1  noun  ˈbläg, -ȧg   plural -s
: HUMBUG, CLAPTRAP, RAILLERY
2  intransitive verb   -ed/-ing/-s
: to talk pretentiously and usually inaccurately : lie boastfully

DJ2R on Tour and More


DJ2R’s mix tape cassette hovers before a slate-brown background. The text ‘DJ2R ON TOUR GUEST MIX’ is at the left edge of the banner, with the Phoole and the Gang fuchsia flag logo.

DJ2R himself isn't actually on tour. But Phoole & the Gang is!


We're on tour...inside our house. There is a pandemic on, and it's not safe to tour anywhere else! So we tour at home.

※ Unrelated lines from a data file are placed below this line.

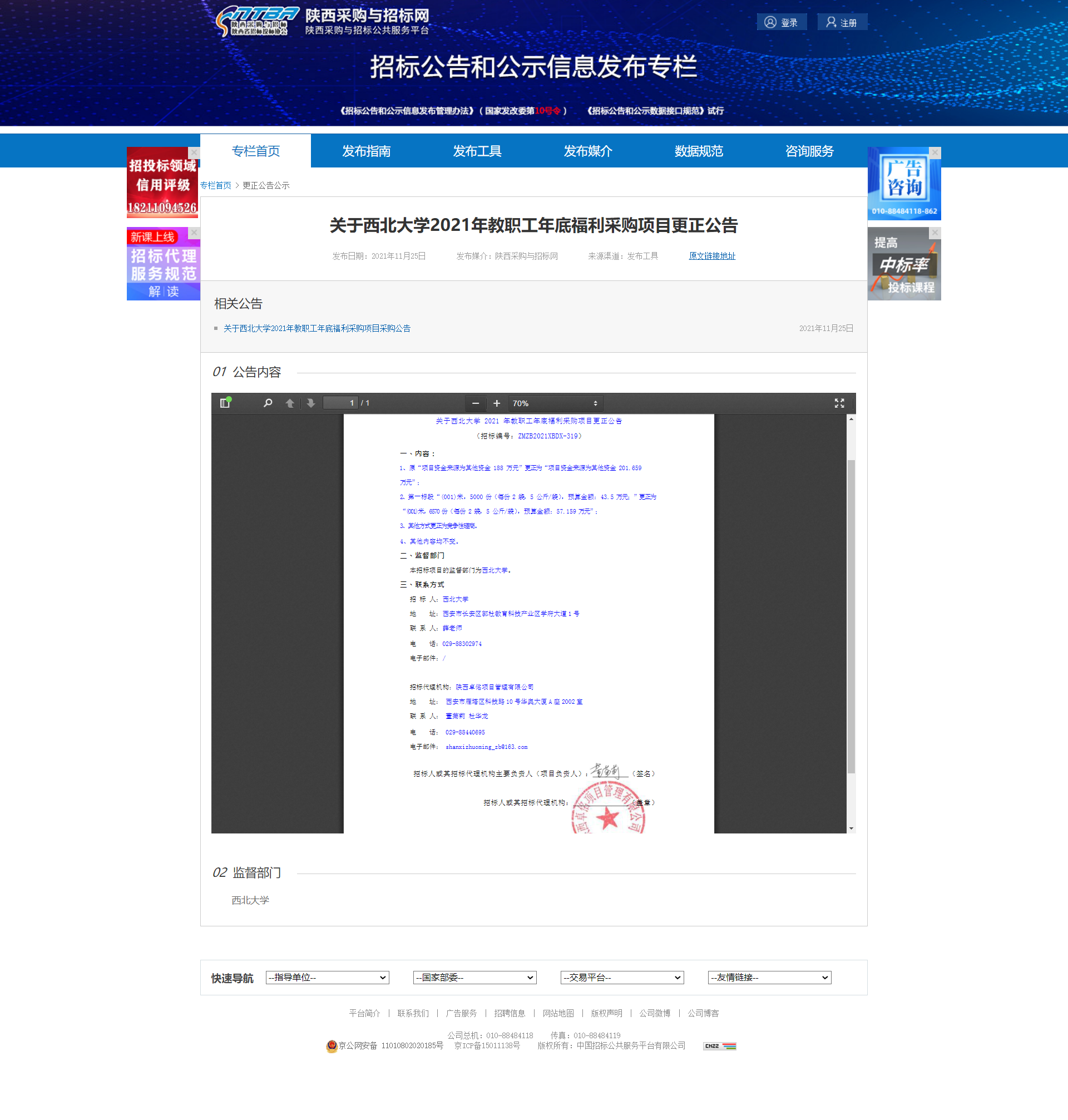 关于西北大学2021年教职工年底福利采购项目更正公告
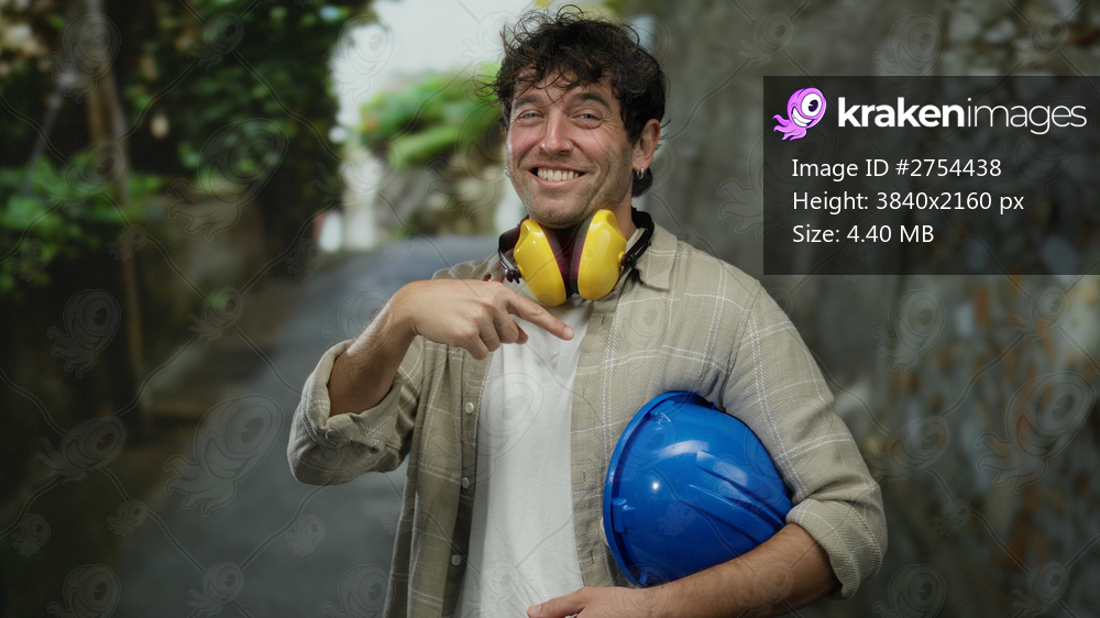 Smiling hispanic man pointing at a blue hardhat, wearing noise canceling headphones, stands in a picturesque mediterranean town alley.
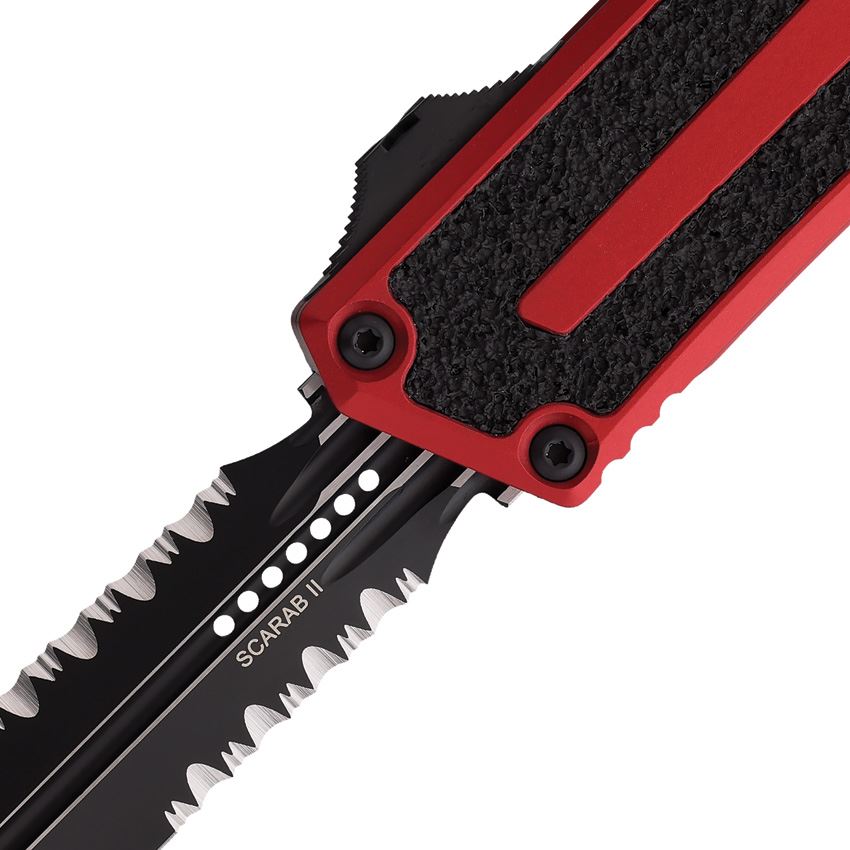Microtech 12802RD Auto Scarab II Gen III Two-Tone Part Serrated Double Edge Dagger OTF Knife Red/Black Traction Handles
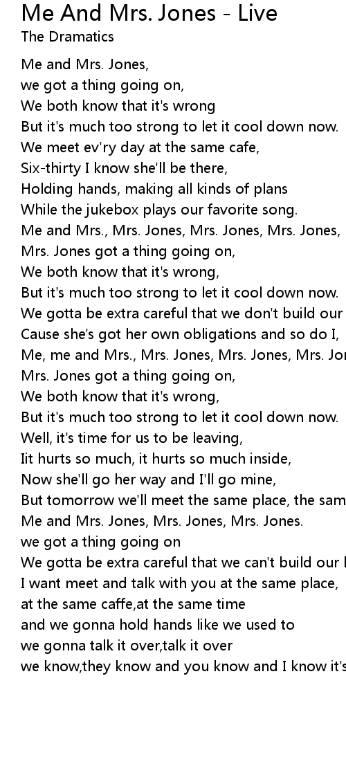 Me and Mrs., Mrs. Jones, Mrs. Jones, Mrs. Jones, |
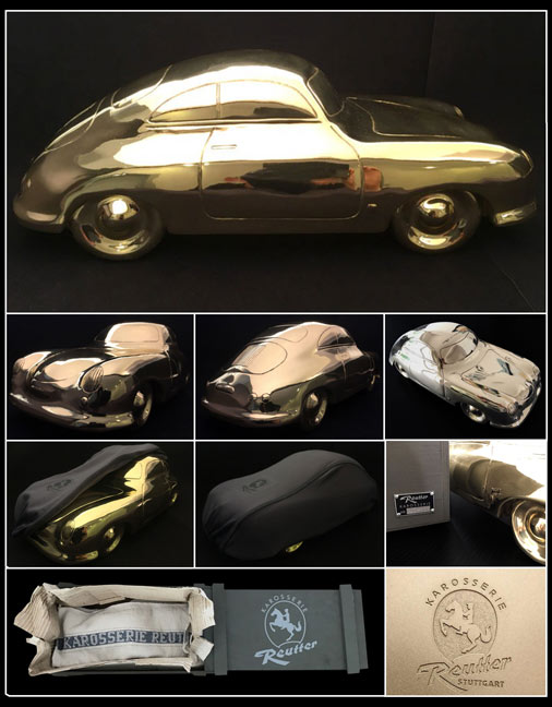 Sculpture Porsche 356 Jubilée Karosserie Reutter Anniversaire des 111 ans de l'entreprise de Stuttgart Bronze doré / Argent 1/10 - Reutter AA0110 Edition limitée - 111 exemplaires numérotés Matière : Bronze - Poids : 3.5 kg Boite en bois avec couvercle coulissant Housse de protection Reutter Karosserie 999,95 € TTC / Incl. Taxes

It is winter now in Milwaukee, Wisconsin, USA, and even though climate collapse means our winters are getting progressively warmer, they're currently still cold enough to make it unbearably cold in the subterranean PhooleOut Shelter.


So the show is 'on tour,' broadcasting from...UPSTAIRS, where it is much, much warmer.


I'll be setting up the cameras and audio equipment and computer-machines and lights in our dining room, affording tuner-inners and video-rewinders a view of our living room as we broadcast music and chit-chat live throughout the cold months on Friday nights from 6:00 p.m. to 8:00 p.m. Central US time at slipmat.io/phoole, mixcloud.com/live/phoole and twitch.tv/phoole!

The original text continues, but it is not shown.